» **TASK REQUIREMENTS**:
Reproduce exactly the lines of the material beneath, from the line that contains "သီပေါမြို့နယ်၊ နမ့်လန်ဒေသနှင့် မိုင်းရယ်မြို့အနီး" to the line that contains "နေပြည်တော် ဇန်နဝါရီ ၁၅", both included, and no other lines.

» **DATA EXTRACTS**:
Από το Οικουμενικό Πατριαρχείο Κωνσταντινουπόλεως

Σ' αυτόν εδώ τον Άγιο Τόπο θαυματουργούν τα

---

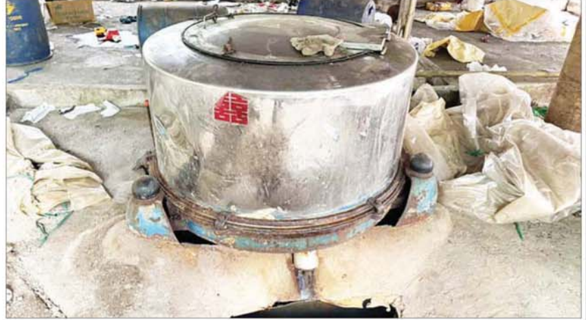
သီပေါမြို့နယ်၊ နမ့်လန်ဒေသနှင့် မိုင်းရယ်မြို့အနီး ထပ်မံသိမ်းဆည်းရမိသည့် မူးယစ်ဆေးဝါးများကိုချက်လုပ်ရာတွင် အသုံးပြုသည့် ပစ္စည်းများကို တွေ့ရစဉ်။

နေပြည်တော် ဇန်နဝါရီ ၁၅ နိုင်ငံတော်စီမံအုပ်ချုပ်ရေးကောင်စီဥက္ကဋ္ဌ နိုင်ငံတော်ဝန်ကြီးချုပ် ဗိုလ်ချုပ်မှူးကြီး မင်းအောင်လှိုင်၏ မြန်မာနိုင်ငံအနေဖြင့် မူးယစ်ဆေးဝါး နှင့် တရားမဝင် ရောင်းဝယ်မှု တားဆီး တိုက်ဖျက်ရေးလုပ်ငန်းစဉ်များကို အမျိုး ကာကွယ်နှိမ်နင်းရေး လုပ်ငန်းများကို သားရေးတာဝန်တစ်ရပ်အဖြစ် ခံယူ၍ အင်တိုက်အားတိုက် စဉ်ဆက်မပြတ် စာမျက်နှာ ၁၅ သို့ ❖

» **RESPONSE**:
သီပေါမြို့နယ်၊ နမ့်လန်ဒေသနှင့် မိုင်းရယ်မြို့အနီး ထပ်မံသိမ်းဆည်းရမိသည့် မူးယစ်ဆေးဝါးများကိုချက်လုပ်ရာတွင် အသုံးပြုသည့် ပစ္စည်းများကို တွေ့ရစဉ်။

နေပြည်တော် ဇန်နဝါရီ ၁၅ နိုင်ငံတော်စီမံအုပ်ချုပ်ရေးကောင်စီဥက္ကဋ္ဌ နိုင်ငံတော်ဝန်ကြီးချုပ် ဗိုလ်ချုပ်မှူးကြီး မင်းအောင်လှိုင်၏ မြန်မာနိုင်ငံအနေဖြင့် မူးယစ်ဆေးဝါး နှင့် တရားမဝင် ရောင်းဝယ်မှု တားဆီး တိုက်ဖျက်ရေးလုပ်ငန်းစဉ်များကို အမျိုး ကာကွယ်နှိမ်နင်းရေး လုပ်ငန်းများကို သားရေးတာဝန်တစ်ရပ်အဖြစ် ခံယူ၍ အင်တိုက်အားတိုက် စဉ်ဆက်မပြတ် စာမျက်နှာ ၁၅ သို့ ❖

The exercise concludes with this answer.